Getty worked as a contributing editor for Tatler 2019-2021.

In January 2024 Getty was featured on the International Best Dressed List 2023 alongside Timothee Chalamet and Michelle Yeoh.

Walked the Gucci Cruise 2027 runway show, staged at Times Square, New
York City, on 16 May 2026, under creative director Demna.

==Creative collaborations==
Getty has undertaken a series of creative partnerships across disciplines:
- La Coqueta — children's clothing collaboration
- Aquazzura — limited-edition shoe collaboration
- Adriana Degreas — swimwear collection collaboration

==Film and television==
Getty served as an executive producer on The Voice of Hind Rajab (2025), directed by Kaouther Ben Hania.

==Public appearances==
In 2026, Getty attended the Met Gala wearing a custom gown by Ashi Studio. Her appearance was covered in fashion media including Vogue and BuzzFeed.

==Personal life==
Ghanem married hedge fund manager Joseph Getty, son of Mark Getty and Domitilla Harding and a grandson of Sir John Paul Getty, in 2015 in a Catholic ceremony at the Basilica of the Twelve Apostles in Rome, Italy.

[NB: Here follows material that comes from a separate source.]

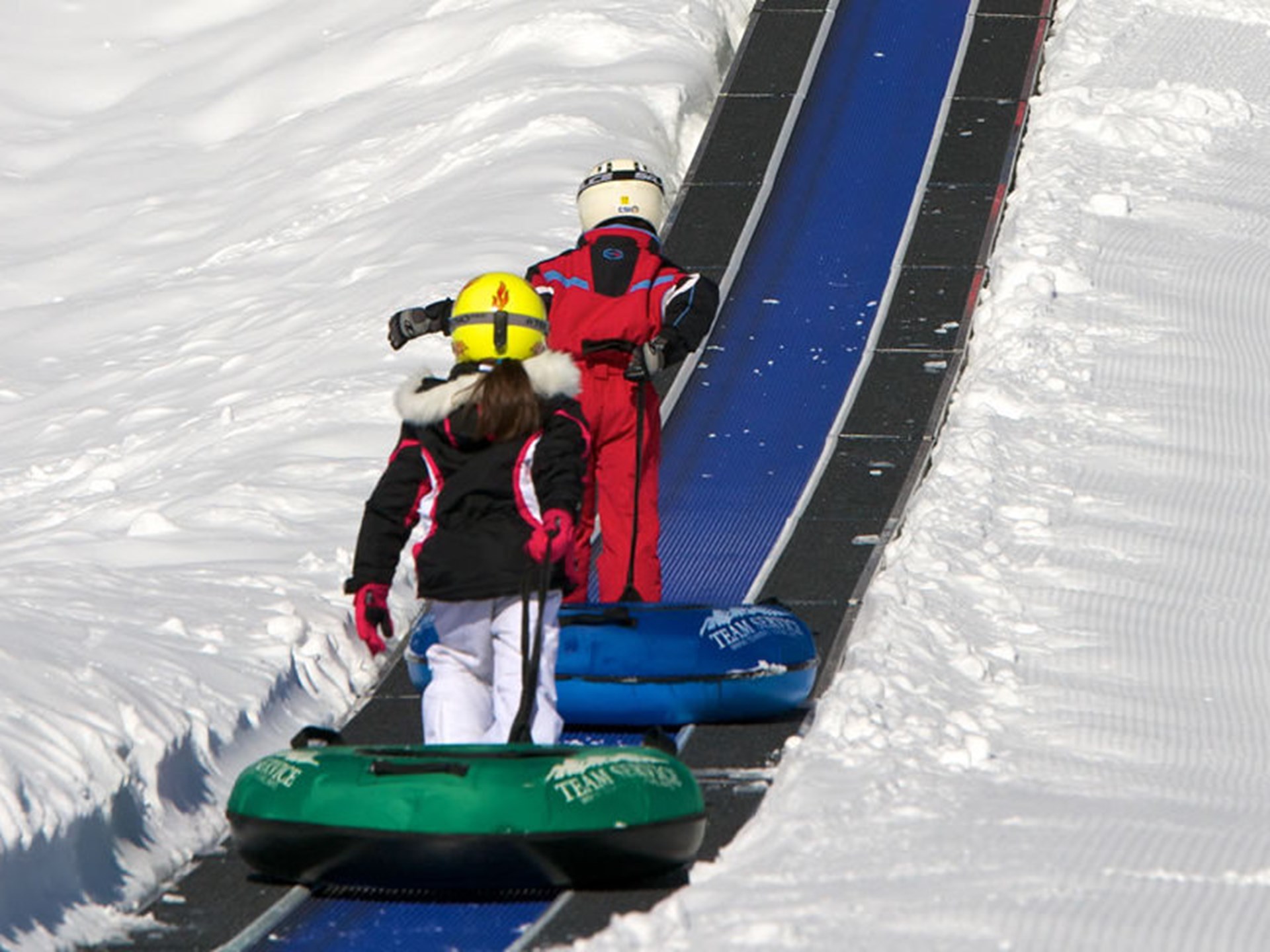 Si trovano due tapis roulant, uno per un emozionante battesimo degli sci e l’altro per scivolare.

Her dress was a custom made haute couture gown by Schiaparelli with a hooded cloak designed by Lesage and Charlotte Olympia heels.

Wedding guests included Princess Elisabeth von Thurn und Taxis, Princess Beatrice of York, Ginevra Elkann, Lady Getty, Charlotte Olympia Dellal, Pierre Casiraghi, Julia Restoin Roitfeld, and Bianca Brandolini d’Adda. A party celebrating the wedding celebrations was hosted at the Palazzo Taverna. The wedding reception was held at the Castle Odescalchi.

In 2019 Getty and her husband were featured in Tatler's 'Social Power List' alongside Prince William, Duke of Cambridge and Catherine, Duchess of Cambridge as having significant social influence in the United Kingdom.

In 2017 Getty gave birth to a daughter, Gene Honor Getty. In 2019 she gave birth to a son, Jupiter Mark Getty.